La tensión por el choque entre Argentina e Inglaterra, que ya estalló con la primera pelea entre estos sudamericanos y europeos en Miami, Estados Unidos, tiene las alertas encendidas entre las autoridades en Atlanta.
Por: Iván Peña Ropaín.
Fuertes vituperios ha recibido el técnico de la Selección Argentina, Lionel Scaloni, de parte de un gran sector de la hinchada argentina, pese a que está ad portas de poner a ese país en su segunda final consecutiva en las Copas Mundo y estar cerca del bicampeonato.
Los vilipendios no tienen que ver con cómo está jugando la Albiceleste, o porque para el juego de esta tarde (2:00) frente a la Selección Inglaterra por las semifinales moverá su planteamiento táctico, o porque dejará en banca a X o Y jugador.

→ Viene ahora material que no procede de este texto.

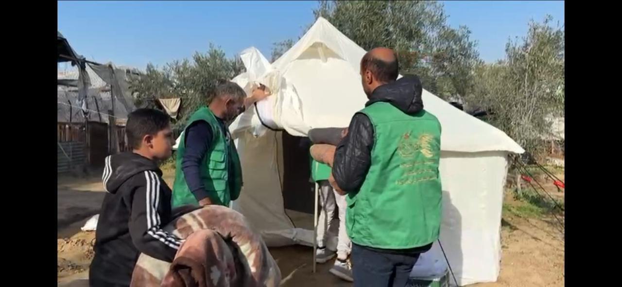 و توجهت الفرق الميدانية للمركز السعودي للثقافة والتراث – الشريك المنفذ لمركز الملك سلمان للإغاثة في قطاع غزة- إلى موقع العائلة، وجرى تأمين خيمة وإقامتها في المكان المناسب لتكون مأوى يحمي الأسرة من قسوة الطقس وتقلباته، إلى جانب تقديم الفرش والمستلزمات اليومية الأساسية والسلال الغذائية والملابس الشتوية للأطفال.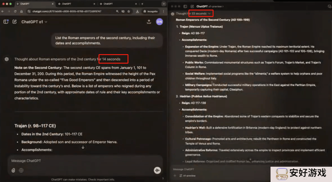 尽管在回答能力上提升有限,但o1正式版在用户体验方面却有了显著提升。其重大错误犯错率较预览版减少了约34%,回答速度也提高了约50%。在直播现场对比测试中,面对“列出二世纪的罗马皇帝,包括他们的时期和成就”这一问题,o1正式版仅用14秒便给出了回答,比预览版快了近20秒,这一差距让用户感受明显。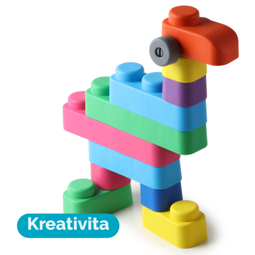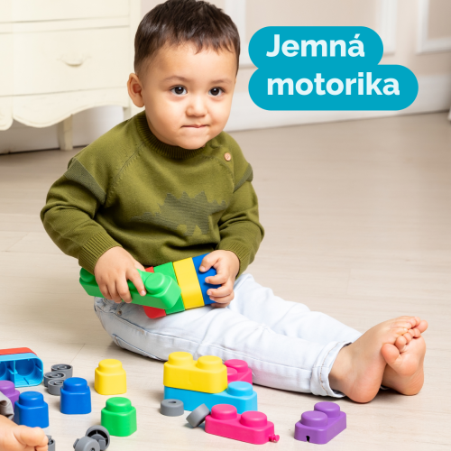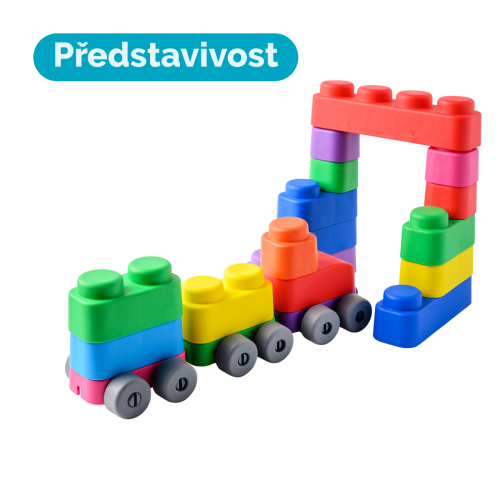 Far Far Land Stavebnice měkká. Všechny bloky jsou vyrobeny z měkkého bezpečného materiálu. Balení obsahuje 25 barevných bloků a 16 koleček.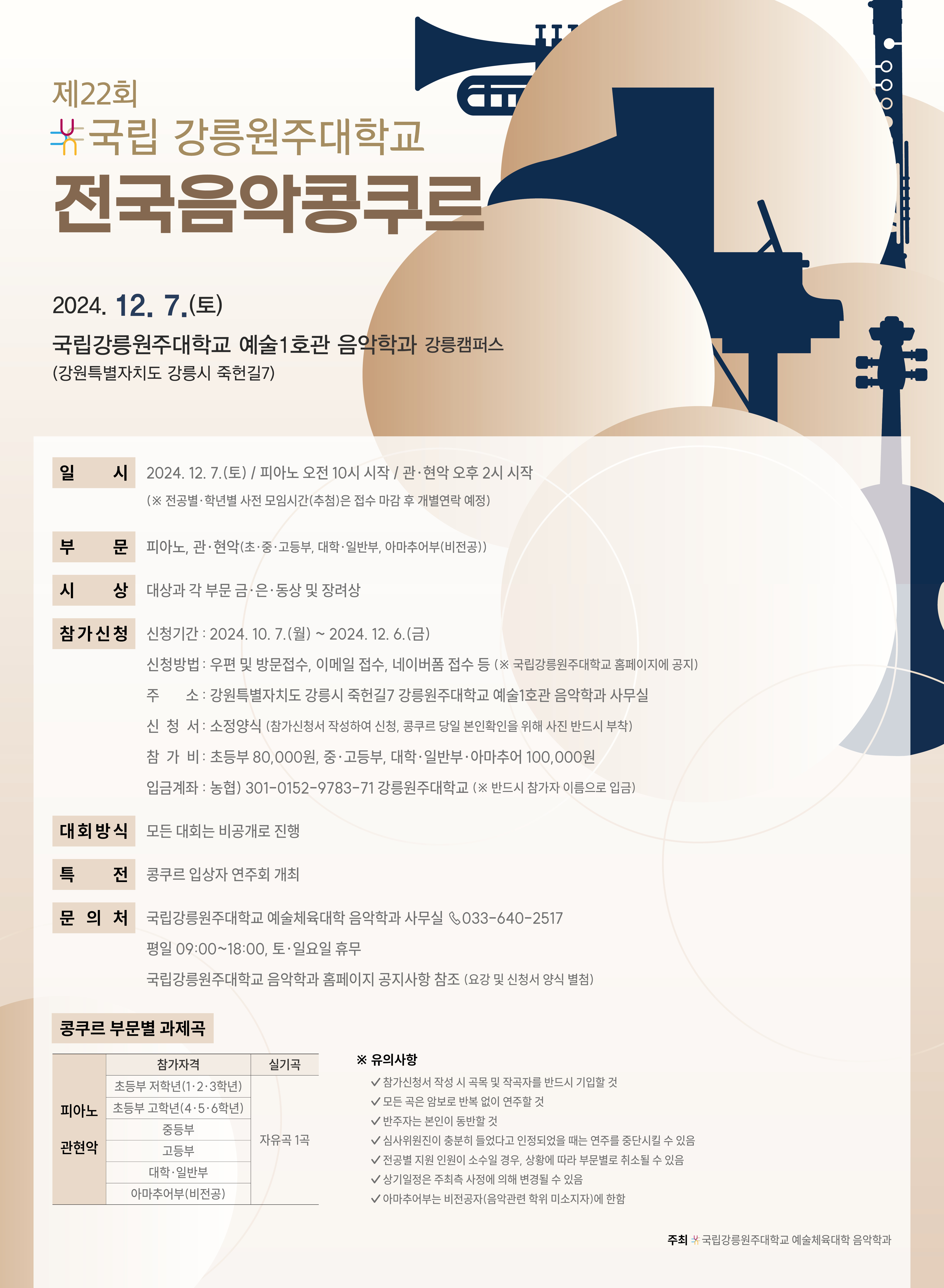 제22회 국립강릉원주대학교 전국음악콩쿠르 개최 안내

Todos los dardos en su contra obedecen a unas pacíficas declaraciones que dio el martes anterior en la previa al juego ante los ingleses y que será en el estadio Mercedes-Benz de la ciudad de Atlanta, en Estados Unidos, y por medio de las cuales le bajó el tono bélico que muchos de sus compatriotas le ponen a este choque, aduciendo estos que se debe seguir vengando a los soldados argentinos muertos en la Guerra de Las Malvinas a manos de militares ingleses.
Nada más era que Scaloni señalara que el encuentro contra Inglaterra no tiene por qué verse de otra manera, siendo su inequívoco significado “un simple partido de fútbol”, para que en redes cientos de compatriotas lo atacaran al manifestarle que cada encuentro con ellos (ingleses) es renombrar la memoria de todos los fallecidos en ese conflicto no dirimido que fue ganado por los europeos.
Recordando, la Guerra de las Malvinas fue una batalla bélica desarrollada en 1982 entre Argentina y el Reino Unido, y que duró cerca de 70 días, por la soberanía de las islas Malvinas, Georgias del Sur y Sandwich del Sur.